— Хорош спать, здесь вам не гостиница. Ну-ка, куда вы спрятали виски?
Пассажиры роскошного салона смотрели возмущенными и сонными глазами на типа, требующего виски в четыре утра, на девяти тысячах метрах высоты.
— Куда вы спрятали виски? — настаивал Кинки, до рассудка которого тщетно пытались достучаться две стюардессы и Хуп в придачу.
В довершение всего Франки Татуахе присоединился к экспедиции Кинки в надежде потрахаться с какой-нибудь богатенькой туристкой, или с мелодичной парагвайской певицей, или с кем-нибудь таким еще, и вот он ходил туда-сюда, беспокойными глазами глядя на женщин. Не замедлил пополнить компанию вторгшихся с салон и таксист Мартин, — он, едва лишь унюхав возможность потасовки, рассвирепел и безостановочно искал по всему самолету какой-нибудь разящий предмет, при помощи которого можно поддерживать космический порядок, но ничего не нашел, что еще больше вывело его из себя, хотя он и так уже далеко вышел.
— Пошли, Кинки, возвращайся на свое место, — подсказывал Хуп, но, казалось, не в человеческих силах было развеять его внезапную одержимость:
— Я только прошу виски, черт возьми, а не ключ от Банка Испании, — и так далее.
Тем временем Франки обхаживал пассажирку в возрасте из бизнес-класса, убежденный в том, что эта надушенная сеньора, ошарашенная, в маске, закрывавшей лицо до самого лба, захочет пережить эротическое приключение совсем близко от звезд с этой ходячей татуировкой:
— Что тебе больше нравится, когда с тобой делают, блондиночка? Расскажи мне…

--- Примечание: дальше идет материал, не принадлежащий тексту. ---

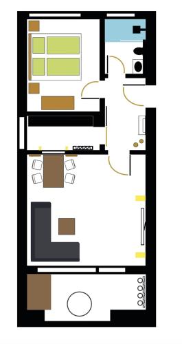 Апартаменти обладнано стількома спальнями (1), вітальнею та повністю обладнаною кухнею з холодильником та посудомийною машиною. Серед іншого тут для зручності гостей є постільна білизна та рушники.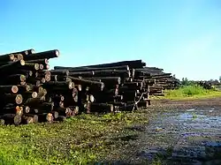By the late 19th and early 20th centuries, the timber industry was a cornerstone of Bydgoszcz's economy.[2] This was fueled by the city's strategic geographic and transport position, as well as growing trade relations between the German Empire and Russia. Timber was sourced from surrounding forests and rafted down the Brda from the Tuchola Forest.[2] The Vistula river served as the primary route, transporting timber, mainly pine logs suitable for construction, from the Congress Poland, Galicia, Belarus, Lithuania, and Ukraine, facilitated by German merchants. Nearly all timber transport relied on waterways, as rail transport was uneconomical.[2]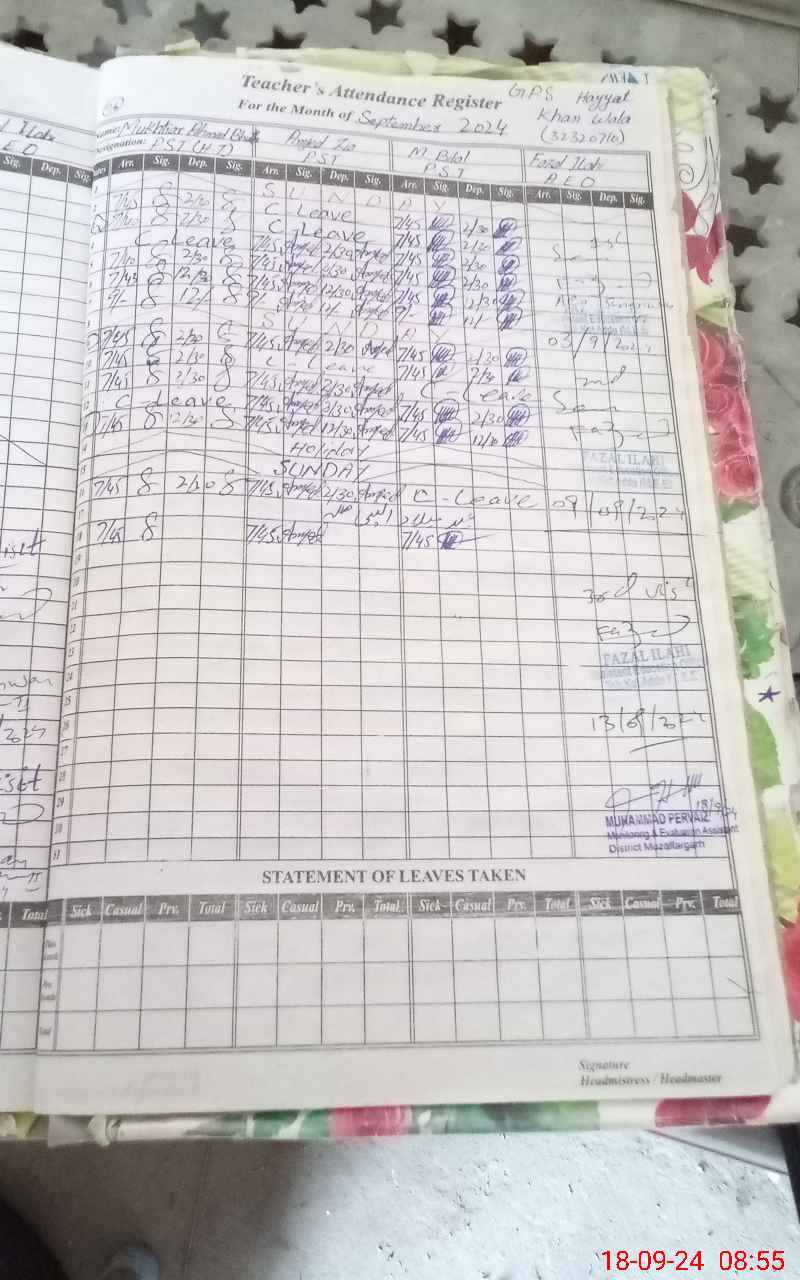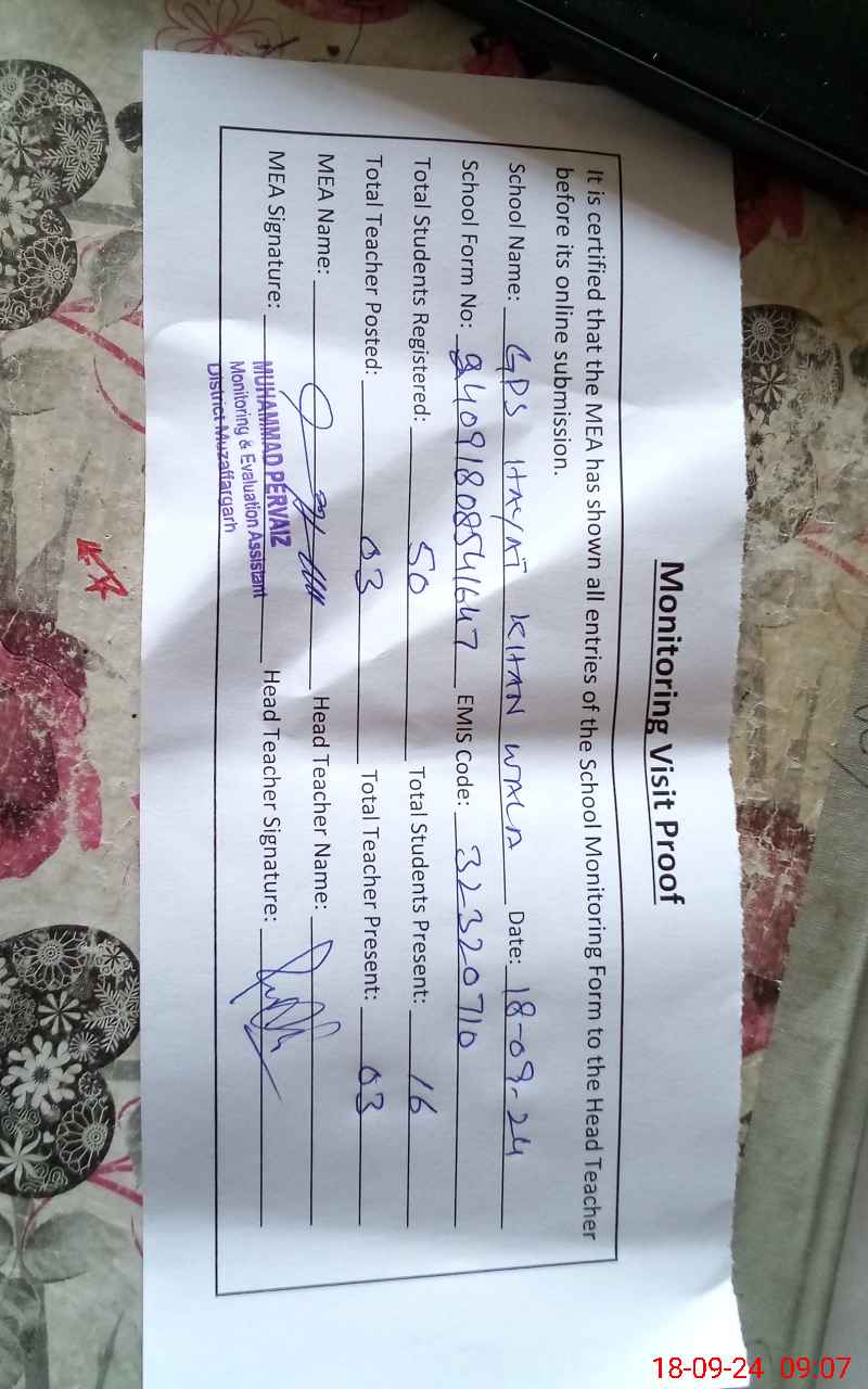 | EMIS Code: 32320710 | Name of School: GPS HAYAT KHAN WALA | |||
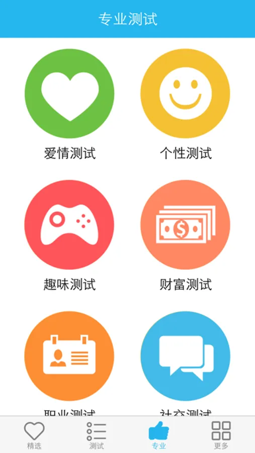 【专业区】专业区由心理老师为大家提供更加专业的测试,通过积分和跳转的方式一步步挖掘测试者的内在心理。专业区包括爱情测试,个性测试,趣味测试,财富测试,职业测试,社交测试,智商测试,综合测试八大模块。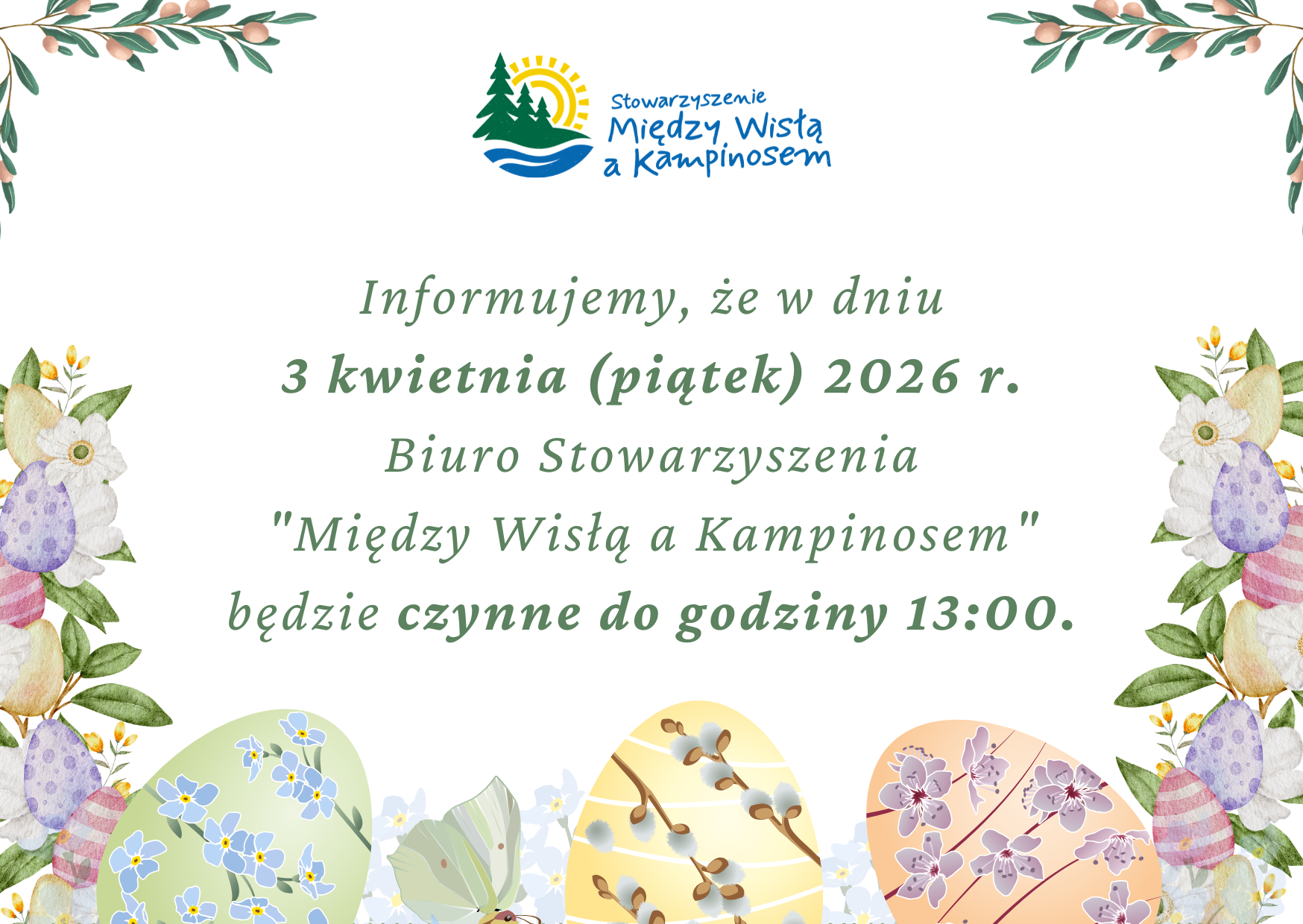 3 kwietnia (Wielki Piątek) nasze biuro będzie czynne tylko do godziny 13:00.

Таксист Мартин тем временем цеплялся к пассажирам, протестовавшим против суматохи:
— Ты что, чучело, вот я тебе вправлю мозги. Сидеть.

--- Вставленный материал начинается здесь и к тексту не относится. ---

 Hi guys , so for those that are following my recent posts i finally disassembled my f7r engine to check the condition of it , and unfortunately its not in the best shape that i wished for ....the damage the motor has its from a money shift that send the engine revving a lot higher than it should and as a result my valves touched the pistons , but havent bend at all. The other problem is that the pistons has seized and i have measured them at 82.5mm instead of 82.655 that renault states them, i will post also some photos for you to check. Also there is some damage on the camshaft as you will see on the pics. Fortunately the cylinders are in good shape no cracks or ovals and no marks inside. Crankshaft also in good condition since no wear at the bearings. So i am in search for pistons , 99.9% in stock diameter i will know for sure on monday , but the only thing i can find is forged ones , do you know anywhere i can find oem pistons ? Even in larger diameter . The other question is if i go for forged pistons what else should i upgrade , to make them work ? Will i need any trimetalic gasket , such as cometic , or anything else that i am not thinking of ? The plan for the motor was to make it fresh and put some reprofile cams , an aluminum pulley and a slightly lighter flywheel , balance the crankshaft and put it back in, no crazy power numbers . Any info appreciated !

И так продолжалось до тех пор, пока не пришел стюард. Стюард был молодой, высокий и сильный. (Мечта любого последователя Сократа, надо сказать.)
— Вернитесь на свои места, — приказал стюард.
— Я только требую удовлетворить мое право выпить виски, — объявил Кинки.
— Не запрятано ли у тебя где-нибудь немного виски, приятель, так мы могли бы разрешить этот конфликт, — спросил Хуп, дипломатический посредник между сторонами.
— Давай гони виски, а то я… — сформулировал таксист Мартин.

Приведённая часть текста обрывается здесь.